Kick off the training and store the score history for plotting

In [None]:
# reset the environment
env_info = env.reset(train_mode=True)[brain_name]

# examine the state space 
state = env_info.vector_observations[0]
state_size = len(state)

agent = Agent(state_size=state_size, action_size=action_size, seed=0)

print(agent.qnetwork_local)

scores = dqn()

QNetwork(
  (fc1): Linear(in_features=37, out_features=64, bias=True)
  (fc2): Linear(in_features=64, out_features=128, bias=True)
  (out): Linear(in_features=128, out_features=4, bias=True)
)
Episode 100	Average Score: 0.89
Episode 200	Average Score: 3.87
Episode 300	Average Score: 7.99
Episode 400	Average Score: 9.27
Episode 500	Average Score: 11.66
Episode 600	Average Score: 13.80
Episode 688	Average Score: 13.91

### 5. Plot the results

The raw scores chart shows the results of the individual espisodes. You will not it is very noisy. By applying a low pass filter, in this case a moving average, over the scores we can see clearly see the improvement in the agent over the episodes. 

In [None]:
# helper function to generate moving average
def moving_average(a, n=3):
    ret = np.cumsum(a, dtype=float)
    ret[n:] = ret[n:] - ret[:-n]
    return ret[n - 1:] / n

ls = 16
ts = 18

# plot the scores
fig, (ax1, ax2) = plt.subplots(1, 2, figsize=(16,6))

ax1.plot(np.arange(len(scores)), scores)
ax1.set_ylabel('Score', fontsize=ls)
ax1.set_xlabel('Episode #', fontsize=ls)
ax1.set_title("Scores", fontsize=ts)

avg_score = moving_average(scores, 100)
ax2.axhline(y=13., xmin=0.0, xmax=1.0, color='r', linestyle='--', linewidth=0.7, alpha=0.9)
ax2.plot(np.arange(len(avg_score)), avg_score)
ax2.set_ylabel('Average Score', fontsize=ls)
ax2.set_xlabel('Episode #', fontsize=ls)
ax2.set_title("Moving average scores", fontsize=ts)

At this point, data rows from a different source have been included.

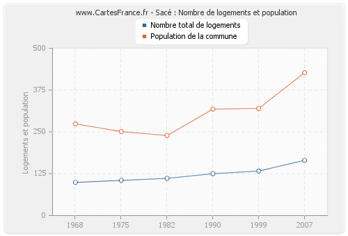 La population de Sacé était de 427 habitants en 2007, 320 habitants en 1999, 318 habitants en 1990, 239 habitants en 1982, 251 habitants en 1975 et 274 habitants en 1968. Parallèlement, le nombre de logements de Sacé était de 165 en 2007, 133 en 1999, 125 en 1990, 111 en 1982, 105 en 1975 et 99 en 1968.
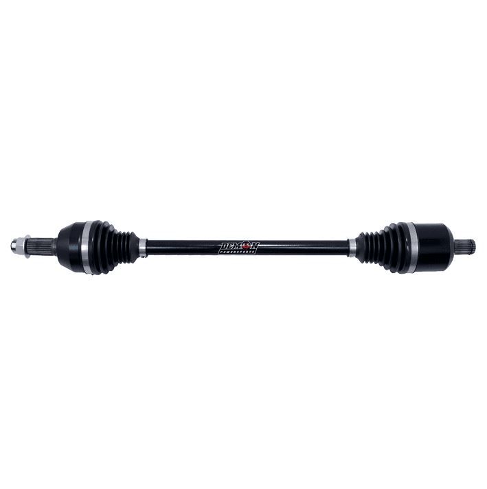 Heavy Duty Axle by Demon Powersports®. Dual Heat Treated chromoly steel holds up better through extreme torque, wide articulation angles and an increase in plunge prevents the axle from binding, thermoplastic Polyester Elastomer CV boots are highly resistant to tearing, this method provides best overall operating performance
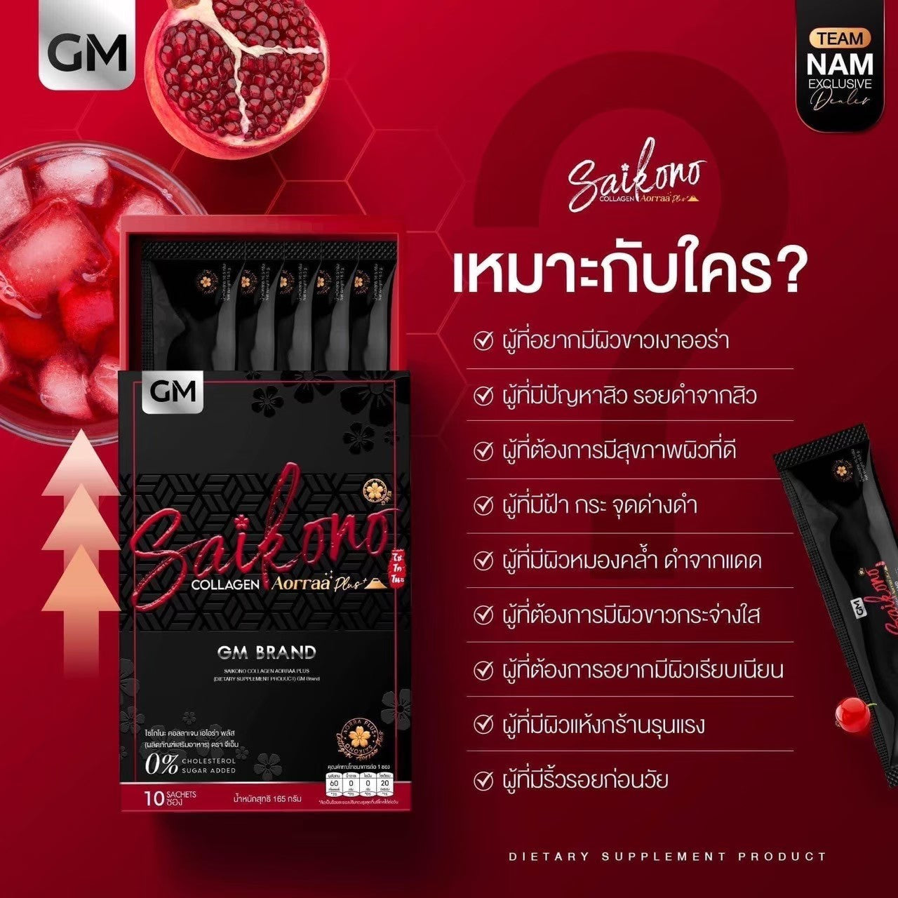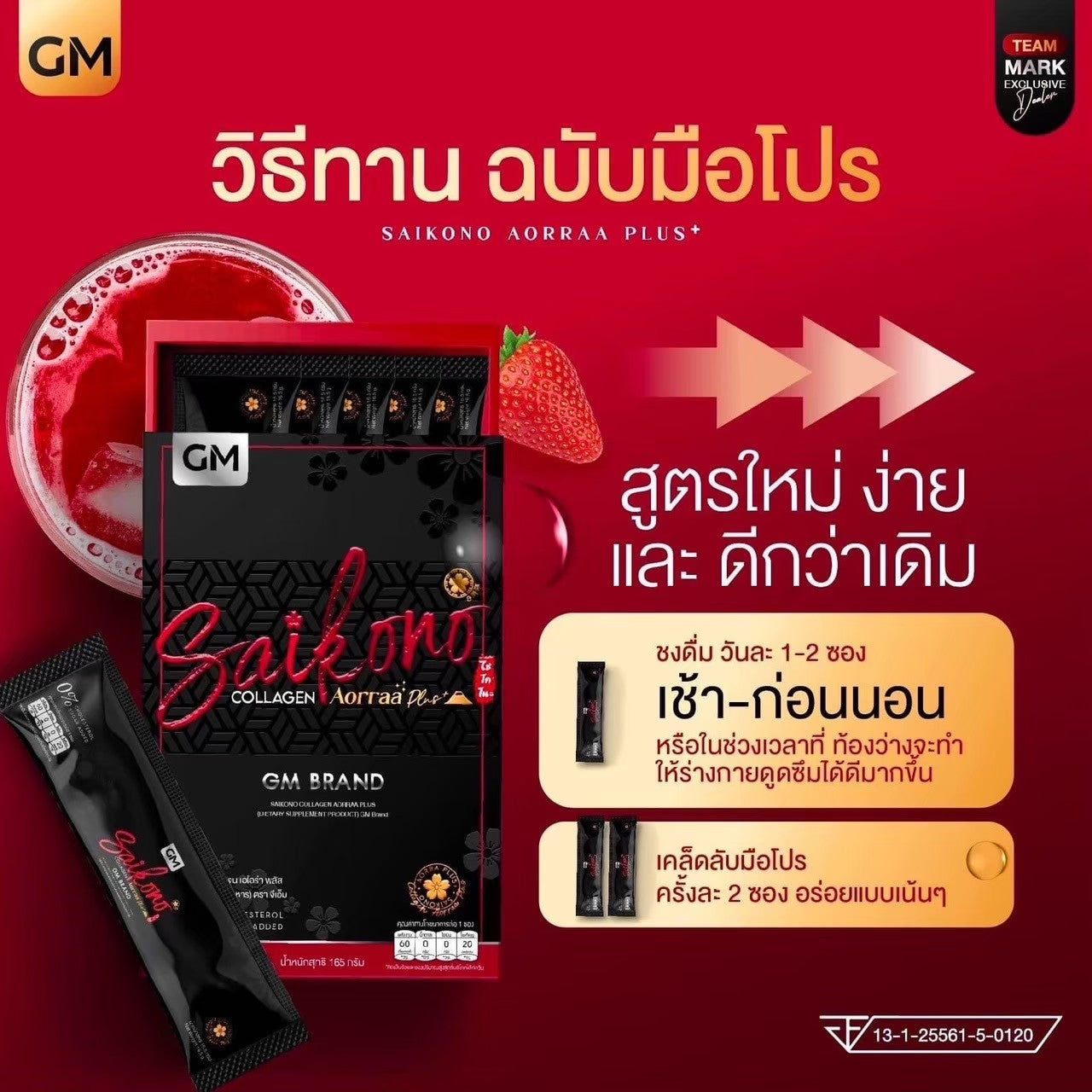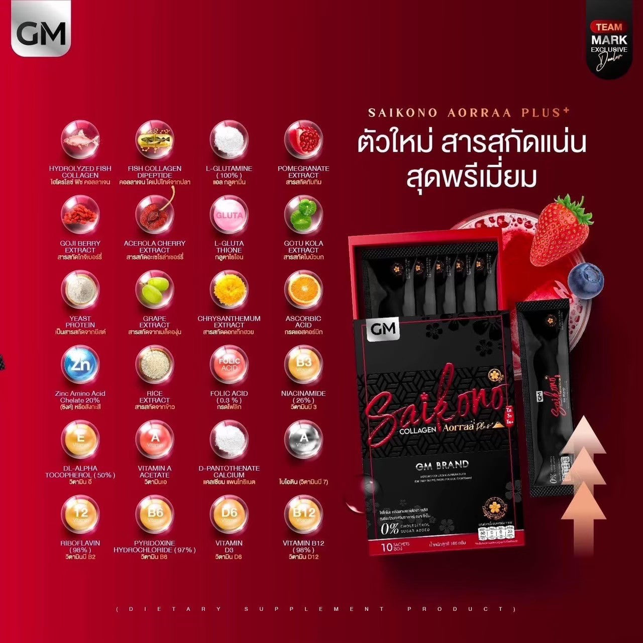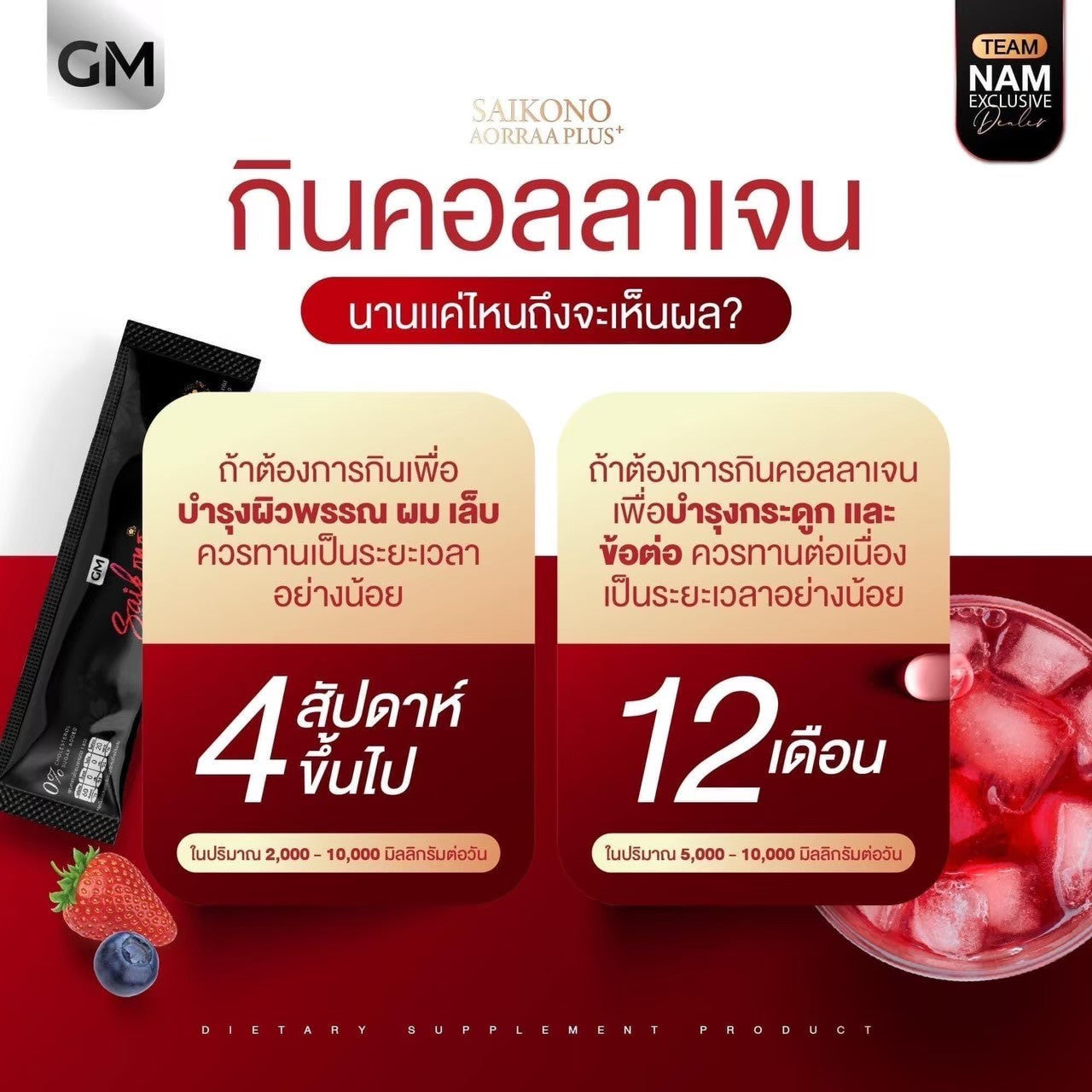 SAIKONO Collagen AORRAA คอลลาเจนคุณภาพพรีเมียม ผลิตจากวัตถุดิบนำเข้าจากญี่ปุ่น ในหนึ่งซองประกอบด้วยคอลลาเจน 3 ชนิด (Dipeptide, Hydrolyzed, Peptide) ช่วยบำรุงผิวให้ยืดหยุ่น ชุ่มชื้น และดูสุขภาพดีอย่างเป็นธรรมชาติ ปราศจากน้ำตาล เหมาะสำหรับการดื่มทุกวัน เพื่อผิวเนียนใส กระจ่างใส
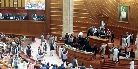 सत्र की शुरुआत के साथ सदन में पहले से तैयारी कर बैठे पीटीआई नेताओं ने हंगामा मचाना शुरू कर दिया। नेशनल एसेंबली में अविश्वास प्रस्ताव के लिए पीटीआई छोड़कर विपक्षी खेमे में गए नेताओं पर हमला बोलकर पीटीआई नेताओं ने शोर मचाना शुरू कर दिया। जब डिप्टी स्पीकर ने पीटीआई नेताओं को ऐसा करने से रोका तो वह डिप्टी स्पीकर मजरी पर लोटा फेंकने लगे। यही नहीं वेल पर जाकर डिप्टी स्पीकर की पिटाई कर दी गई। उनके बाल तक खींचे गए। इसके चलते विधान सभा परिसर में जमकर हंगामा मचा।
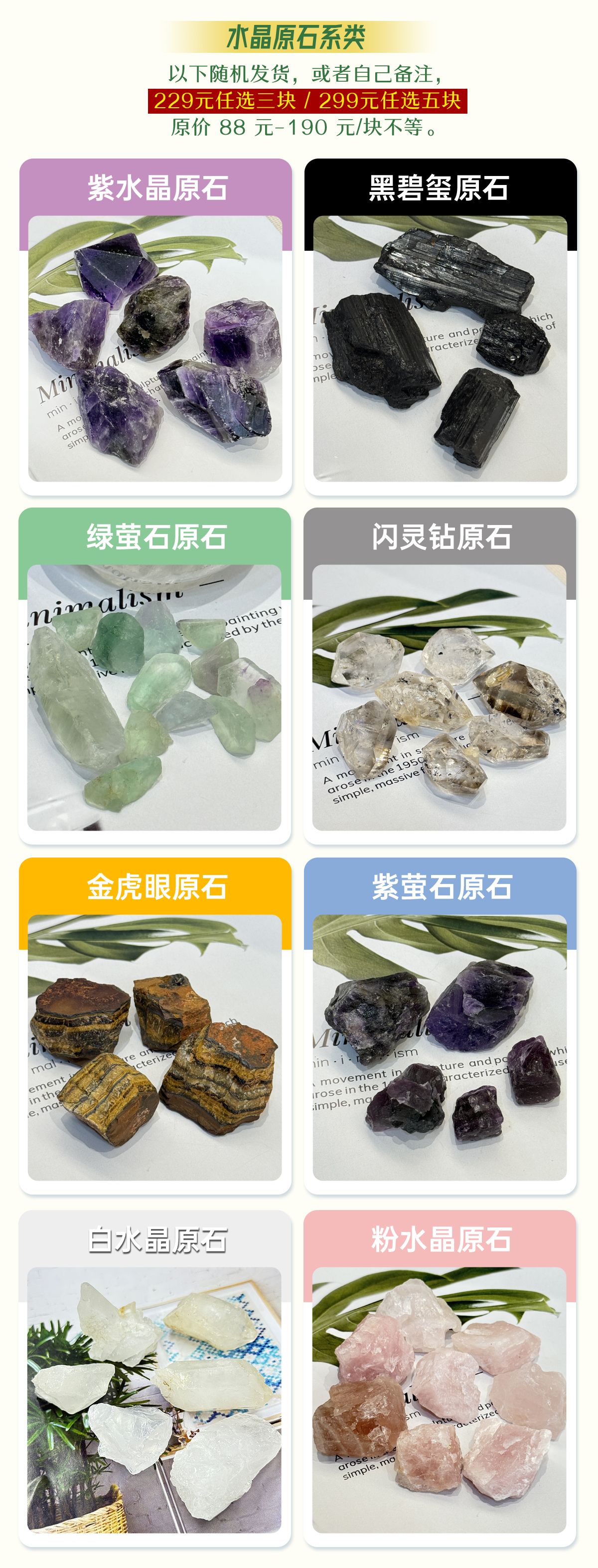 原石系列粉水晶紫水晶紫萤石绿萤石白水晶黑碧玺金虎眼原石

fig.savefig('dqn.jpg', format='jpg')
fig.tight_layout()

plt.show()

### 6. Play the trained agent

Now that we have a trained agent, we can reset the environment into non-training and then load the best weights for the DNN and run the agent through the Unity environment.

In [None]:
# reset the environment to get the state space 
env_info = env.reset(train_mode=False)[brain_name]

# examine the state space 
state = env_info.vector_observations[0]
state_size = len(state)

# create the agent 
agent = Agent(state_size=state_size, action_size=action_size, seed=0)


# load the weights from file
agent.qnetwork_local.load_state_dict(torch.load('checkpoint.pth'))

#  run the agent ten times
for i in range(10):
    score = 0
    env_info = env.reset(train_mode=False)[brain_name]
    state = env_info.vector_observations[0]            # get the current state
    for j in range(1000):
        action = agent.act(state)                      # select an action
        env_info = env.step(action.astype(int))[brain_name]        # send the action to the environment
        next_state = env_info.vector_observations[0]
        reward = env_info.rewards[0]
        done = env_info.local_done[0]
        agent.step(state, action, reward, next_state, done)
        state = next_state
        score += reward
        if done:
            break 
    print('\rScore: {:.2f}'.format(score))
            

### 7. Close the environment

Once we are done, close the environment

In [None]:
env.close()

### Conclusion and Recommendations

Solving the task only required a shallow architecture as a task as simple as this would not require more complicated algorithms. However, Dueling DQN or other enhancements are still worth exploring as I have noticed that increasing the episodes did not do much to the learning.